Friday, April 6, 2007

Info 7/ Artikel/ POOPMAGZ! Vol.01


"T-Shirt (aja) Punya Sejarah" --------------------------------------------------------------
Oleh : Yudhistira S. Utama dan Mimbar L Prayoga (Pengamat Kaos)
Image : The T-Shirt Book

Perubahan fungsi t-shirt telah dimulai semenjak bangsa kita masih dijajah. Dari pakaian dalam polos belaka, kemudian menjadi media eksplorasi desain grafis, hingga pada tahun 1948 untuk pertama kalinya dicatat dalam sejarah t-shirt dipakai sebagai perangkat aksi dari sebuah kampanye pemilihan presiden Amerika Serikat. Calon Presiden dari New York, Thomas Dewey menjadikan t-shirt bertuliskan “Dew-it-with-Dew” sebagai salah satu media kampanyenya.
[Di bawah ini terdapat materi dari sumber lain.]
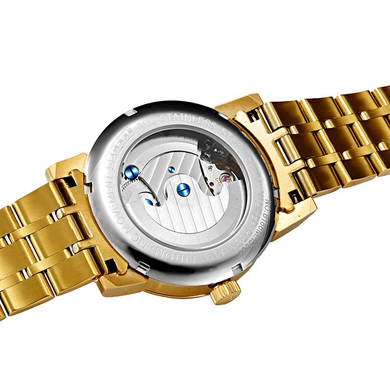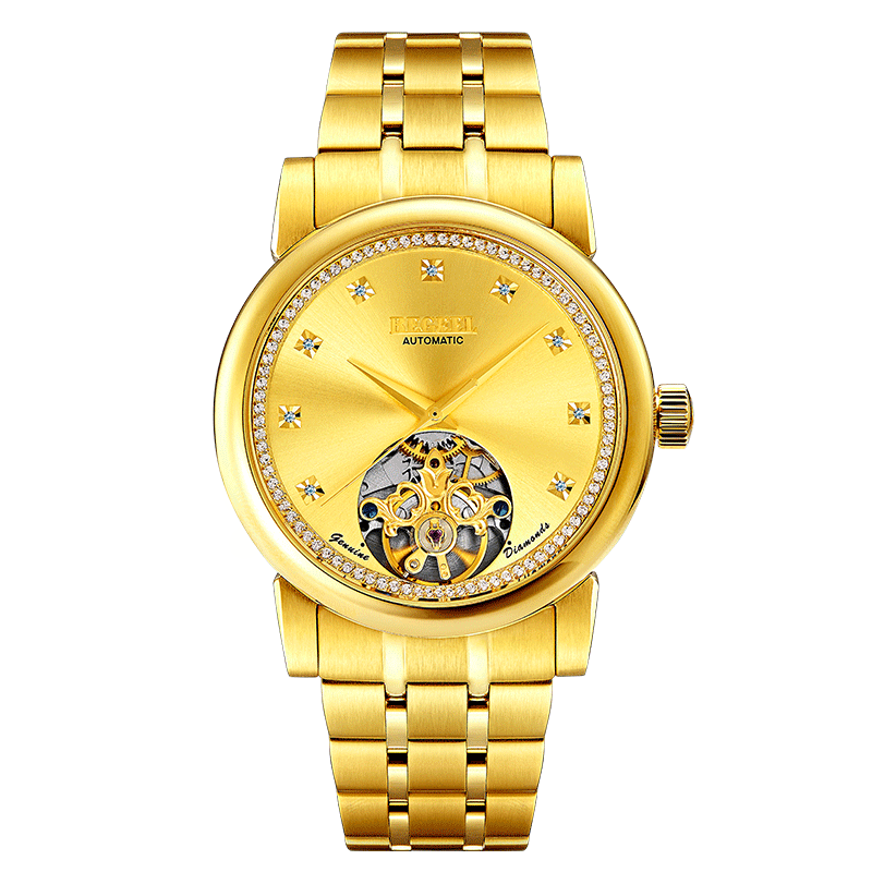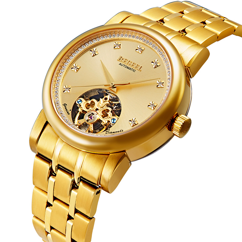 太陽紋表盤,細膩打磨的太陽紋表盤,紋路細膩有光澤,從任何角度都能釋放出耀眼的太陽光芒,時刻吸引他人注目。9顆天然真鉆鑲嵌于時標鉆托之上,釋放耀眼光芒,明證時間的彌足珍貴。6點位開窗設計,可清晰地欣賞機芯游絲的飛速運轉,完美呈現機芯的精華部分,正面感受機械運轉的力量感。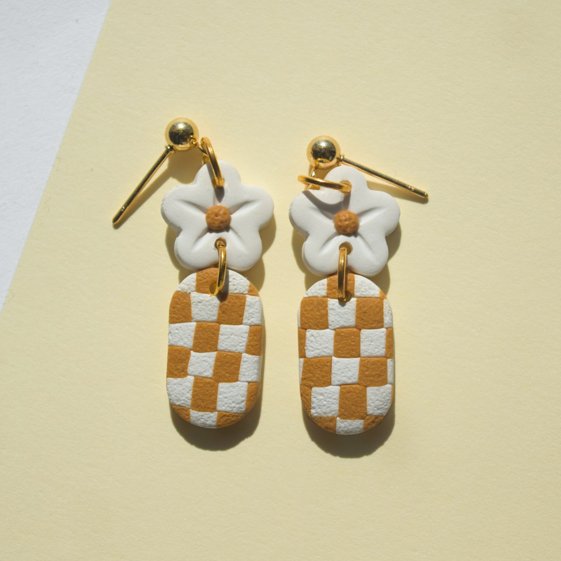 These earrings pair florals with checkers, blending retro and charm. Made from polymer clay, they’re lightweight, comfortable, and add a fun statement to any outfit.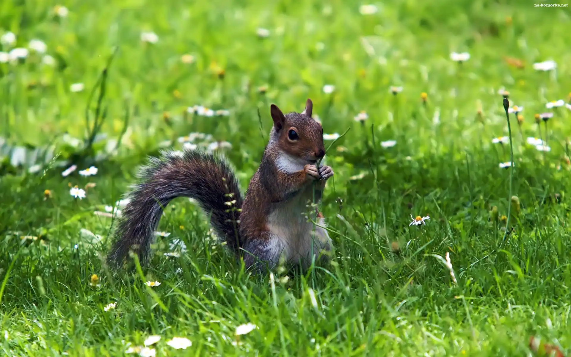 Wiewiórka, Trawa, Kwiaty na Komórkę

Dwight D. Eisenhower, presiden Amerika Serikat ke 32, mengikuti cara tersebut dengan membuat "I Like Ike" untuk kampanye pencalonan dirinya sebagai presiden pada tahun 1952. Kampanye dengan t-shirt dinilai ‘manjur’ oleh banyak pihak sehingga kemudian ditiru sampai hari ini. Tak terkecuali di Indonesia.

Di negara kita pada masa kampanye menjelang pemilihan umum, t-shirt menjadi penanda dari suatu identitas kolektif, yaitu massa partai politik tertentu. Namun pembentukan identitas kolektif tersebut lebih ditujukan sebagai alat yang dapat memudahkan suatu kelompok, dengan kepentingan tertentu, untuk memobilisasi massa. Tak heran jika seringkali muncul aksi-aksi massa suatu partai politik yang tujuannya justru melenceng jauh dari esensi penyelenggaraan pemilihan umum itu sendiri. Penggunaan t-shirt sebagai penanda identitas kolektif kemudian merambah ke dunia musik. Bahkan terdapat indikasi bahwa melalui musik pula-lah t-shirt menjadi sedemikian populer sebagai simbol identitas. Sebut saja Zack De la Rocha (ex vokalis Rage Against the Machine), Chris Martin (Coldplay), di Indonesia ada Kaka (Slank), atau yang lebih old school Iwan Fals. Dari sinilah kemudian fungsi t-shirt mulai bergeser menjadi media untuk menyampaikan protes atau advokasi terhadap suatu isu.

Pergeseran fungsi t-shirt tersebut tidak terlepas dari peran kaum intelektual muda. Kehausan akan informasi; hasrat eksplorasi dan kepeduliannya terhadap fenomena yang ada di lingkungannya mendorong kaum muda ini untuk menyampaikan buah pemikirannya kepada khalayak luas. Dan inilah alasan mengapa t-shirt menjadi pilihan fashion bagi kaum muda. Terutama kaum muda yang sebagian besar aktivitas dan interaksinya berada di lingkungan akademis namun tidak merasa cukup dengan hanya-belajar-di kelas. Selain model potongan t-shirt yang simple dan bahan luwes yang jelas menjadikannya sangat nyaman dipakai di daerah beriklim sub-tropis seperti yang sekarang kita tempati ini, t-shirt juga dapat menjadi media representasi idealisme si pemakai. Hal ini pula-lah yang kiranya mendasari gerakan penyelamatan hutan kota seperti yang dilakukan oleh Poop Magz.

Hal yang kemudian perlu untuk diingat adalah bahwa t-shirt merupakan media komunikasi satu arah dengan kempampuan untuk menyampaikan informasi yang terbatas. Sehingga seringkali si pemakai tidak benar-benar paham akan pesan yang dicoba untuk disampaikan melalui t-shirt. Tak heran jika ada orang yang mengenakan t-shirt dengan gambar tiga anak panah yang tersusun menjadi tiga sudut dari segitiga sama sisi tanpa mengetahui arti dari lambang tesebut atau kaos bertuliskan Ganyang Malaysia! Yang bisa kita lihat di toko-toko kecil di bilangan jalan Mataram Jogjakarta. Terlebih, bagaimanapun juga t-shirt merupakan komoditas ekonomis. Dan sejalan dengan hukum permintaan dan penawaran, t-shirt yang banyak dipakai tentu kemudian akan terus direproduksi oleh produsen hingga akhirnya memasuki daur trend-basi-diganti.